Passion Fruit In The Pumpkin Patch?

I'm crazy about passion fruit. It's a new thing for me. With its brittle reddish-purple wrinkled exterior skin, I've never given it a second glance when rifling through the other more interesting looking exotic fruits while shopping. Prickly pears, horned melons, and cherimoya fruits have wonderfully bumpy and pointy exteriors that always looked like more fun to play with. Although sometimes difficult to work with, they've always been my go-to exotic fruits.....until this past weekend. For the sake of variety, I picked up a huge bag of passion fruit for a tropical fruit platter I planned to serve at an event. 


Not knowing what to expect, I was blown away when I finaly sliced one in half. Gorgeous tiny dark green seeds suspended in a gelatanous pale green yellow mass spilled from the sliced fruit.


After sucking  the seeds and pulp from the shell, I was totally hooked. Sweet, sassy, and tart, it tasted like rich guava.  Guava with attitude. Guava with tart crunchy edible jewels cacooned within the sweet flesh.

Although passion fruit is often eaten fresh, it's usually strained for the juice and used to enhance beverages, syrups, and desserts. For my maiden tasting,  I simply sucked the pulp from the shell and munched on the seeds as juice dribbled down my chin. Fabulous.

I had a few leftover passion fruits rolling around my vegetable bin that I wanted to use for something other than a delicious facial, so I decided to incorporate the pulp and juice into a glaze for sauteed shrimp and vegetables.

After slicing the passion fruit into quarters, I scraped the seeds and pulp into a seive before using a spoon to  extract the juice, allowing the vibrant canary yellow nectar to spill into a small bowl. I ditched the seeds and added fresh squeezed orange juice, lime juice, salt, and cracked pepper. To balance the acidity, I mixed the juices with a teaspoon each of caster sugar, soy sauce, and cornstarch.

After peeling and deveining a pound of 16-20 count jumbo shrimp, I sauteed them briefly in butter and olive oil  before setting them aside. With the skillet still smoking hot, I tossed in sliced purple baby bell peppers, sliced candy onions, diced mangos, halved grape tomatoes, sliced daikon radishes, and minced garlic. Just as the vegetables started to caramelize, I poured the glaze into the skillet, allowing it to spit, bubble, and thicken before adding the shrimp back into the mix to warm through.
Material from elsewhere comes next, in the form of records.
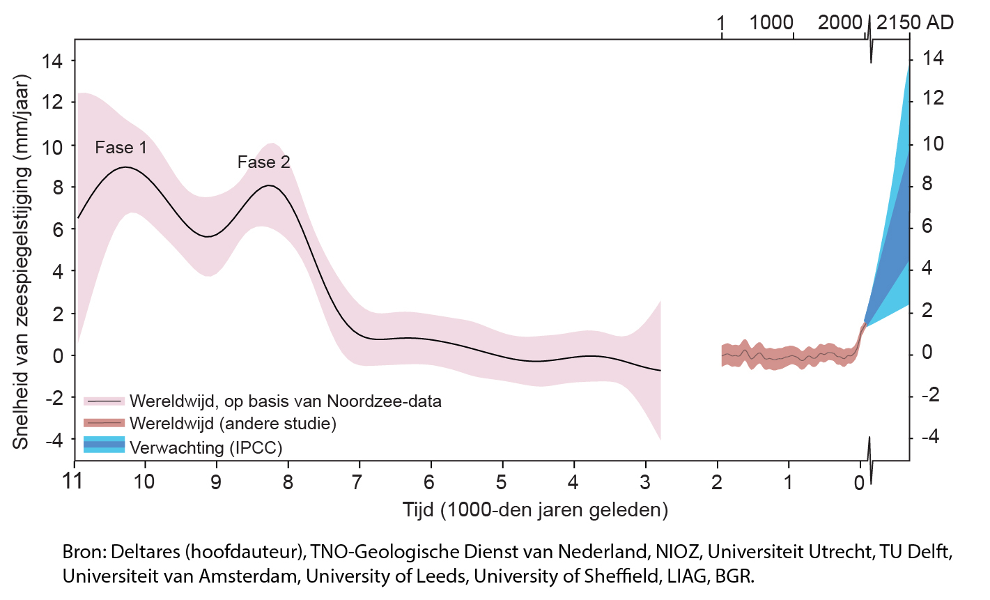 Dankzij nieuwe geologische gegevens is er nu meer bekend over hoe snel en hoeveel de wereldwijde zeespiegel steeg na de laatste ijstijd, zo’n 11.700 jaar geleden. Deze informatie is van groot belang voor het huidige begrip van de impact van opwarming op ijskappen en daarmee op zeespiegelstijging. Onderzoekers van Deltares, Universiteit Utrecht, TNO-Geologische Dienst van Nederland, TU Delft, NIOZ en Universiteit van Amsterdam publiceerden hierover in het tijdschrift Nature.
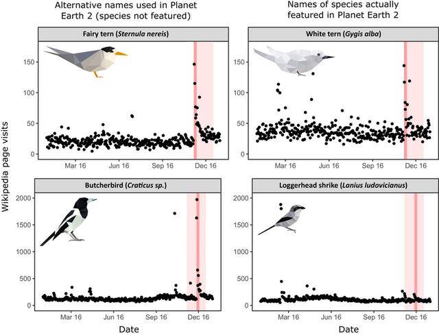 The Twitter data showed that audiences reacted to the species featured in nature documentaries, but in unexpected ways. Analysing Wikipedia activity, we found that almost half of the Planet Earth II species registered annual peaks in visits to their Wikipedia pages immediately after the show was broadcast. People were searching for information on the animals they had just seen and again, the species that got the most airtime also got the most visits on Wikipedia. Those same species still had higher page visit rates up to six months after the show than they did before.
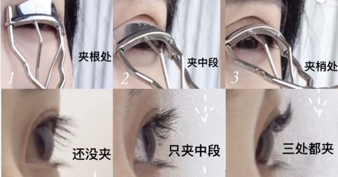 首先第一步就是先夹睫毛!如果睫毛比较短的女孩,建议使用三段式夹睫毛方法,这样睫毛就可以站得超翘~首先第一段先夹睫毛根部,大约停留10-20秒,再往上夹中段、顶端的睫毛,如果觉得不够翘,可以一直重复这个循环,直到睫毛开屏为止!
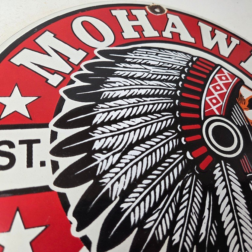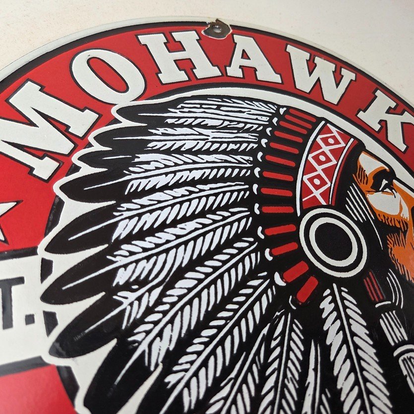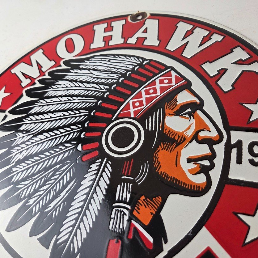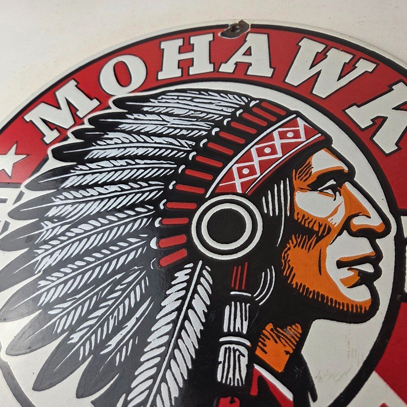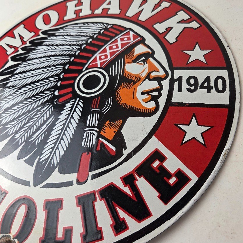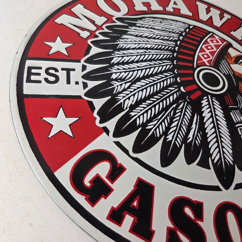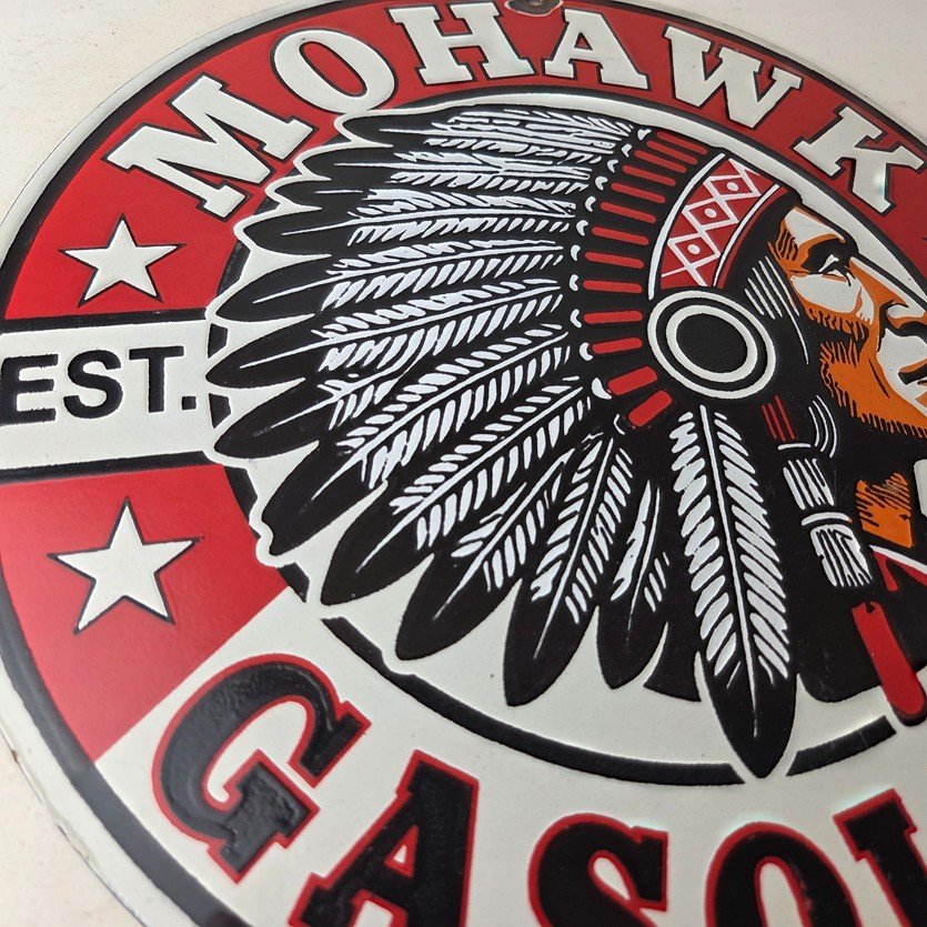 - Vintage Mohawk Gasoline porcelain sign.
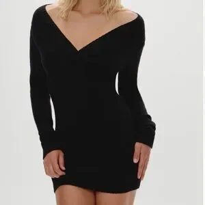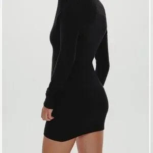Frankie’s Bikinis Jade Knit Mini Dress LS NWT S Black (OTR0054)
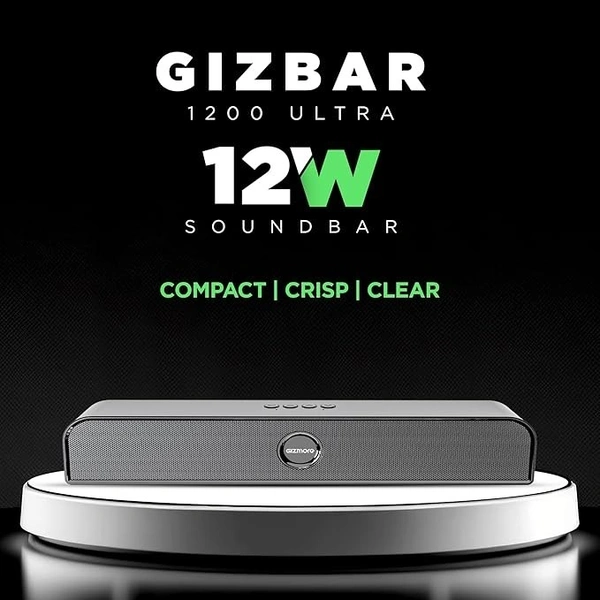 - ✅12W RMS Power: GIZMORE BAR1200Ultra soundbar offers immersive audio that delivers excellent clarity and crispness. Its 12W RMS speaker provide a wide frequency range, making it perfect for enjoying your music, movies, and more.
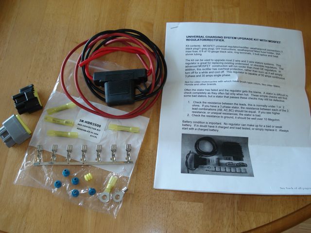 I contacted Jason about an install kit without an R/R because I already had an R/R from a 2009 Kawasaki Concours CG 1400. Jason sent me a kit faster that the speed of light and the kit was perfect for what I needed. If I had found Jason sooner, I would have purchased his complete Universal Mosfet upgrade kit. Someone else found it and posted it here - that's how I found Jason. Anyway here is a pic of the kit I got. It was $30 + $5 shipping and handling. The whole kit, including a new Shindengen Mosfet R/R is $120 on e-bay. I've got to believe that just the weather-proof 30 amp in-line fuse that Jason shipped would run $20 at Radio Shack. The included instructions are outstanding. Very easy to follow, including photos, wiring diagrams and testing information.
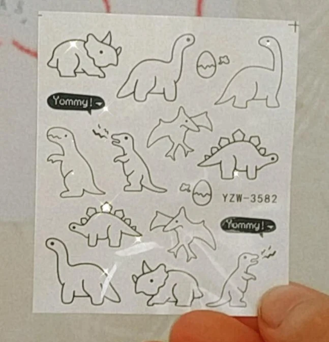 Наклейки слишком большое для ногтей, подойдёт только пару динозавров

With  the sauteed shrimp and vegetables gently napped in the passion fruit glaze, I spooned them into large bowls filled with floral jasmine rice, finishing with a dusitng  of black and white sesame seeds.
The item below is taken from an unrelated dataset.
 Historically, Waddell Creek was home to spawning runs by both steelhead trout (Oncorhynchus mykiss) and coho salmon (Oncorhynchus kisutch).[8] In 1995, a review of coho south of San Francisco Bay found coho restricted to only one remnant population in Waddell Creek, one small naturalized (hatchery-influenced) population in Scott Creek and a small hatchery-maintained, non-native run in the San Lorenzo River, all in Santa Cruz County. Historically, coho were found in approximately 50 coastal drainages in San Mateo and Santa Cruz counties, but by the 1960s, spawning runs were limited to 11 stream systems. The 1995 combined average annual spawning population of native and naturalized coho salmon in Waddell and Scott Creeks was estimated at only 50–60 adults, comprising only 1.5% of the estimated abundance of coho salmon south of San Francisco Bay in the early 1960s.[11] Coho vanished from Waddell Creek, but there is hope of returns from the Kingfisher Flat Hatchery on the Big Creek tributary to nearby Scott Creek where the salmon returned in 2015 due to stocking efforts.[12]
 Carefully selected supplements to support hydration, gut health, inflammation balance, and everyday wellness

Oh, my.  Bowls of tropical paradise. The  plump briny shrimp,  bathed in a tart and slightly sweet glaze, were moist and tender while the vegetables added crisp bites of freshness. Although reminiscent of a sweet & sour stir-fry, it was cleaner and brighter. Think sweet & sour jacked up on steroids.

There was nothing seasonal about it. In fact, I couldn't have veered farther away from autumnal flavors.  
Total diversion.
And totally worth it.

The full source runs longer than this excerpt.